What do I bring to our first conversation?

Here the list is a bit longer, just to account for all the different things people might have. Your father (for this list we assume that you are dealing with the estate of your father, as an example) probably did not have all of these things:

1. Your list of questions. This is the absolute most important thing to bring. Start the list early and add to it whenever a question comes to mind.

2. List of important people: surviving spouse, children (living or dead), grandchildren. For each of these we will need full name, middle initial, address, social security number, and any special situation, such as if they are on disability or receiving Medicaid or SSI, or if they have a special medical or other condition.

3. The original Will and all amendments (called “Codicils”) to it.

4. The original Trust and all amendments to it.

5. Bank statements for all accounts that had your father’s name in any fashion. For instance, his separate checking account statements will be needed, as well as the ones he had joint with his wife, and the ones he had “pay on death” or “in trust for” another person.

6. Brokerage and stock and bond and mutual fund account statements that had your father’s name in any fashion.

7. Annuity statement that had your father’s name in any fashion.

8. Deeds for real estate that had your father’s name in any fashion.

9. Trust account statements for any trust your father set up or any in which he was at his death a beneficiary.

10. Patents, trademarks or copyrights your father owned.

11. Pension, profit sharing and 401(k) statements.

12. IRA statements.

13. Life insurance policies covering the life of your father, whether he owned them, or his spouse or a child owned them, or even if a trust or a corporstion owned them.
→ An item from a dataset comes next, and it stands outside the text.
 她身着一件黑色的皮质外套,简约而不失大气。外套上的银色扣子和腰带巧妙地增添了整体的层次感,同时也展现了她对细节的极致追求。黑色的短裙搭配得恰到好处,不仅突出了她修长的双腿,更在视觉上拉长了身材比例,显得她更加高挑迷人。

14. Vehicle titles which had your father’s name in any fashion.

15. Latest financial statements for any business in which your father had any interest.
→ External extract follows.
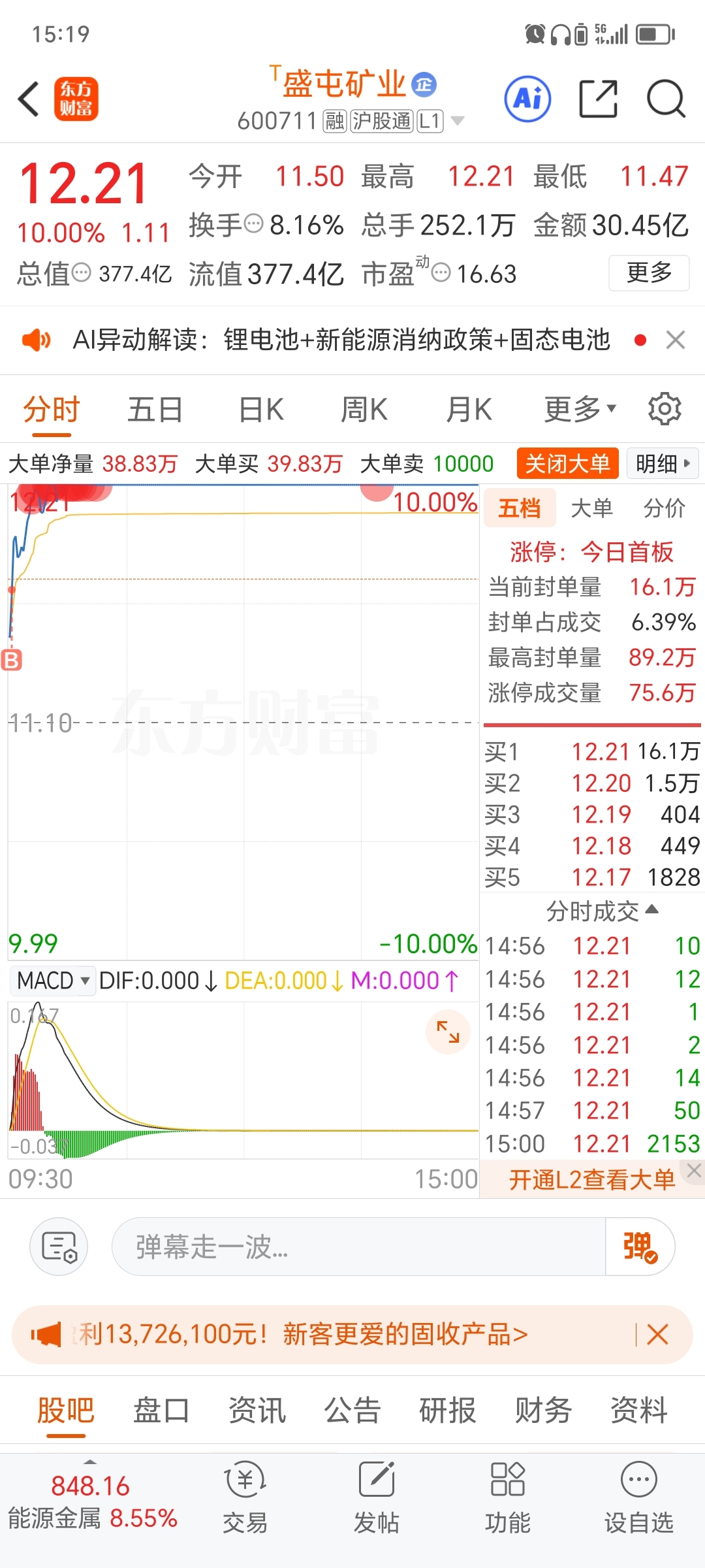 恭喜昨天买入的朋友们,明天还有一个涨停呢

16. Information about any amounts owed to your father by other persons, such as for money lent to his children or grandchildren.

17. List of debts owed by your father, including possible final bills to doctors, hospitals, ambulance services, nursing homes, and the like.

18. Court documents for any law suits in which your father was involved, whether he was suing someone, or someone was suing him. Include here any law suits you suspect might soon be filed, such as any arising out of his manner of death.

19. You might also consult the list of assets in our 6 Steps Checklist for other ideas.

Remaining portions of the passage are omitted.